- **What you need to do**:
Starting at the line with "北京時(shí)間周五凌晨有媒體報(bào)道稱,華爾街投行 Keybanc 分析師" and ending at the line with "XC-ESC E6MAX 1/7", print exactly the lines of the entries below. Pictures do not belong in the copy.

[Items listed in a dataset]
==================================================
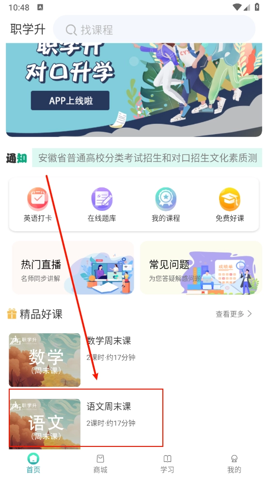 职学升是一家专注于对口单招教育、高考志愿指导等服务的平台,该平台整合了安徽省内丰富的中职、高职和本科教育优质资源,配备了专业的师资力量,同时提供了多种精选的视频课程与直播课程,旨在帮助学生提升学习成绩。
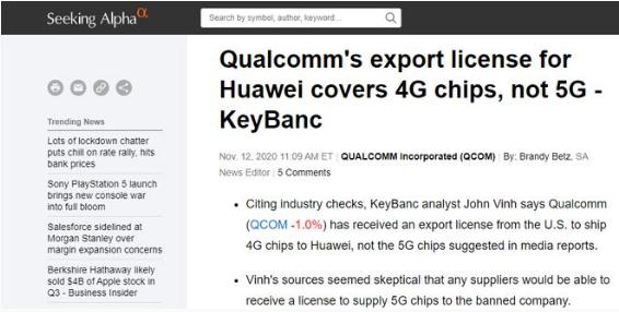 北京時(shí)間周五凌晨有媒體報(bào)道稱,華爾街投行 Keybanc 分析師 John Vinh 表示,高通已獲得向華為出口 4G 芯片的許可證。
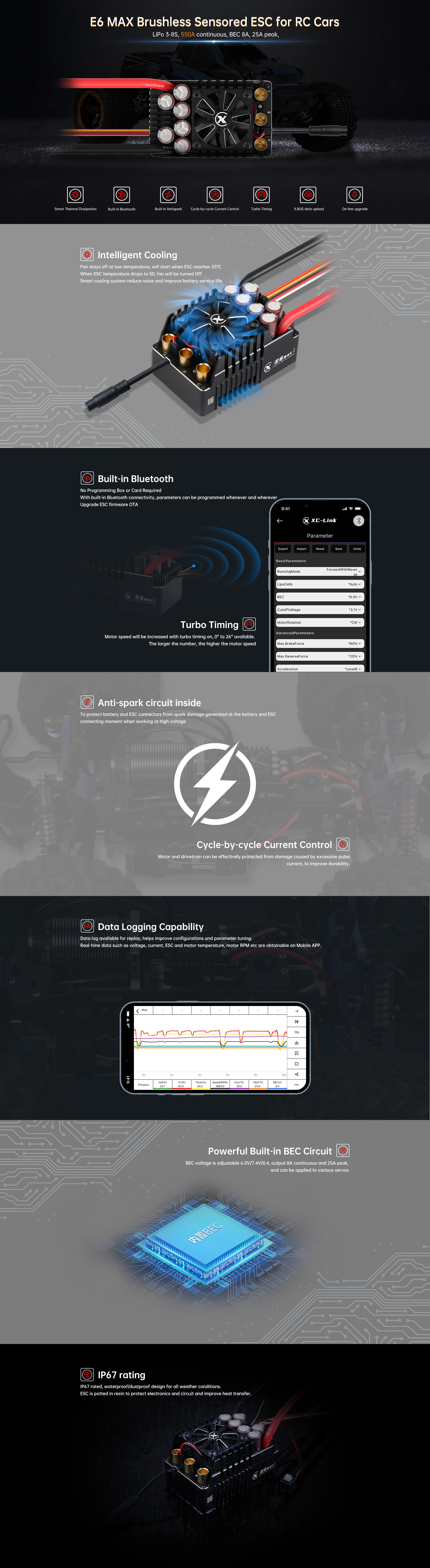 XC-ESC E6MAX 1/7 1/6 ESC for Speed RC Cars / 550A (3~8S)
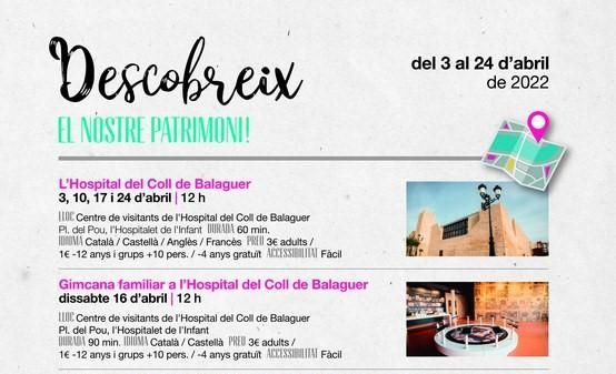 En les visites guiades a l’Hospital del Coll de Balaguer per al públic general, programades per als dies 3, 10, 17 i 24 d’abril, a les 12 h, s’hi mostrarà el centre de visitants, situat dins dels murs de l’antic hospital fortalesa, fundat per l’infant Pere d’Aragó l’any 1344 per defensar, assegurar i poblar el territori i el pas pel Coll. En aquest espai museogràfic s’hi expliquen les característiques i la història d’aquest conjunt monumental, origen del poble de l’Hospitalet de l’Infant, que està declarat Bé Cultural d’Interès Nacional (BCIN).
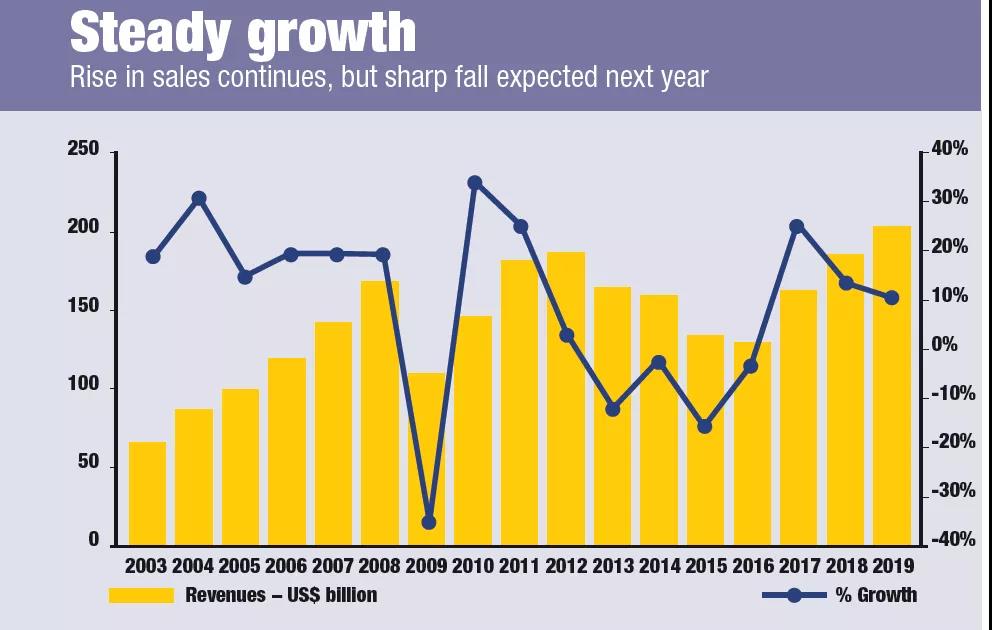 盡管2019年的數(shù)字創(chuàng)歷史新高,但值得強調(diào)的是,增速正在放緩?!禮ellow Table》顯示2017年與2016年相比增長了25.5%,2018年的增長率為13.5%。受新冠肺炎疫情影響,明年全球銷量將大幅下降。
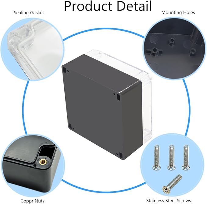 - 【Clear Cover Black Waterproof Box】– The Upgraded version is made of PC, ABS, Transparent cover outdoor waterproof box offers visual inspection of the internal projects, Easily grasp the working status of the project.
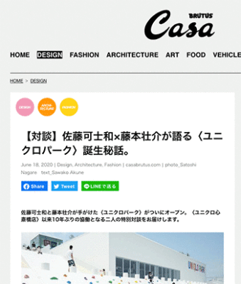佐藤可士和氏と藤本壮介氏が手がけた「ユニクロパーク」についての対談記事が、カーサ ブルータスに掲載されています。
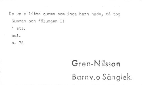 //// De va e litta gumma som inga barn hade, då tog //// Gumman och fölungen II //// 1 str. //// mel. //// s. 76 //// Gren-Nilsson //// Barnv.o Sån gi k. ////
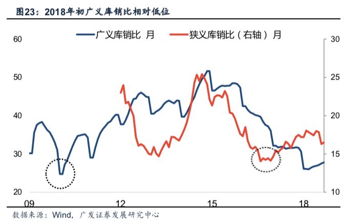 3.新开工或于明年下半年触底。10月新开工单月增速录得14.7%,下行斜率较三季度有所扩大,新开工何时触底成为关键变量。从行业层面考量,除土地历史成交以外,新开工还受到开发商开工意愿等因素影响。库存水平越低,开发商新开工意愿越强,因而库存去化周期的持续缩短是新开工的重要支撑因素。截止今年10月,重点城市已批未售的狭义库销比已降至17个月以内,累计新开工-累计销售面积所衡量的中期库销比降至28个月,仅次于10年初的历史低位。低库存背景下开发商新开工意愿较强。
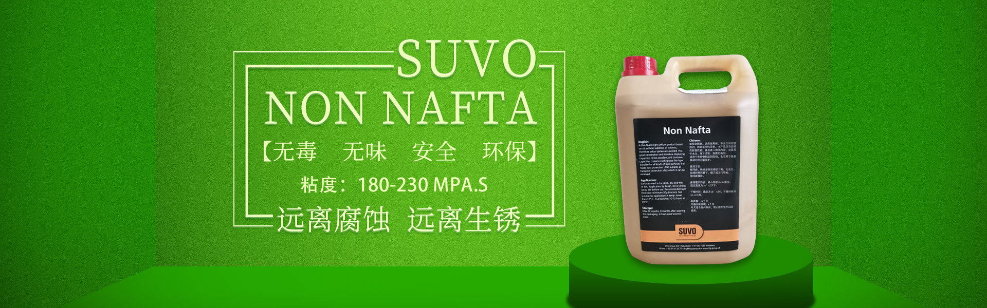 SUVO Non Nafta 是一款無毒、無味、安全、環(huán)保的油基/蠟基防銹產(chǎn)品,不含溶劑,內(nèi)含超強的防腐劑。 涂刷本產(chǎn)品后,會在被保護的工件表面形成一層80-100微米厚的油脂、蠟基保護膜,保護金屬產(chǎn)品免受惡劣環(huán)境侵害,遠離腐蝕,遠離生銹。 產(chǎn)品適合于鋼鐵制品在陸地存儲或海上運輸過程中的長期防腐,防銹。本產(chǎn)品非常易于被石油精/煤油清洗劑清除,清洗過程不損傷工件表面,不污染施工環(huán)境。
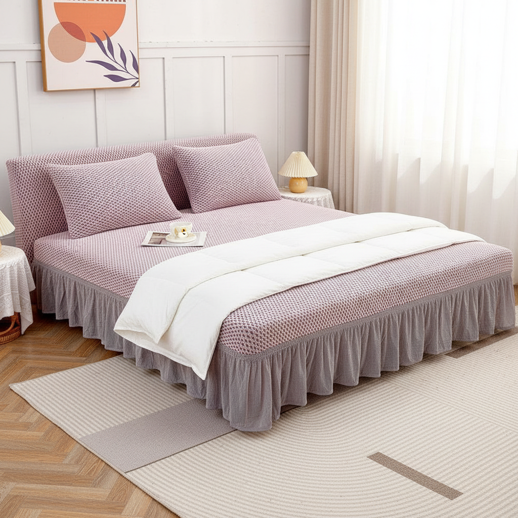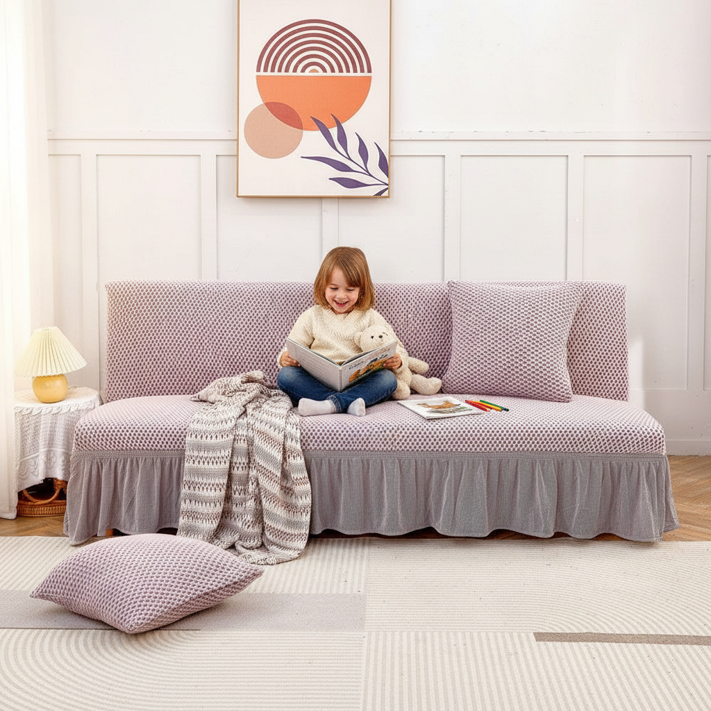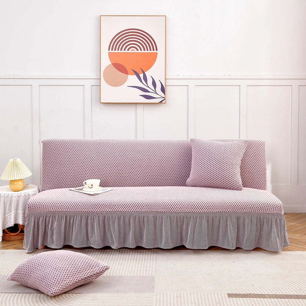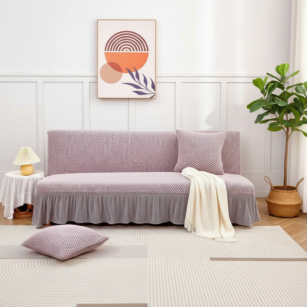 Offrez une nouvelle vie à votre intérieur avec notre housse de clic-clac rose poudré, rehaussée d'une élégante jupe plissée. Conçue en tissu tricoté extensible (95% polyester, 5% spandex), elle est douce, confortable et transforme instantanément votre canapé-lit en une pièce maîtresse de votre décoration, tout en le protégeant efficacement.
==================================================
- **Response to the exercise**:
 北京時(shí)間周五凌晨有媒體報(bào)道稱,華爾街投行 Keybanc 分析師 John Vinh 表示,高通已獲得向華為出口 4G 芯片的許可證。
 XC-ESC E6MAX 1/7 1/6 ESC for Speed RC Cars / 550A (3~8S)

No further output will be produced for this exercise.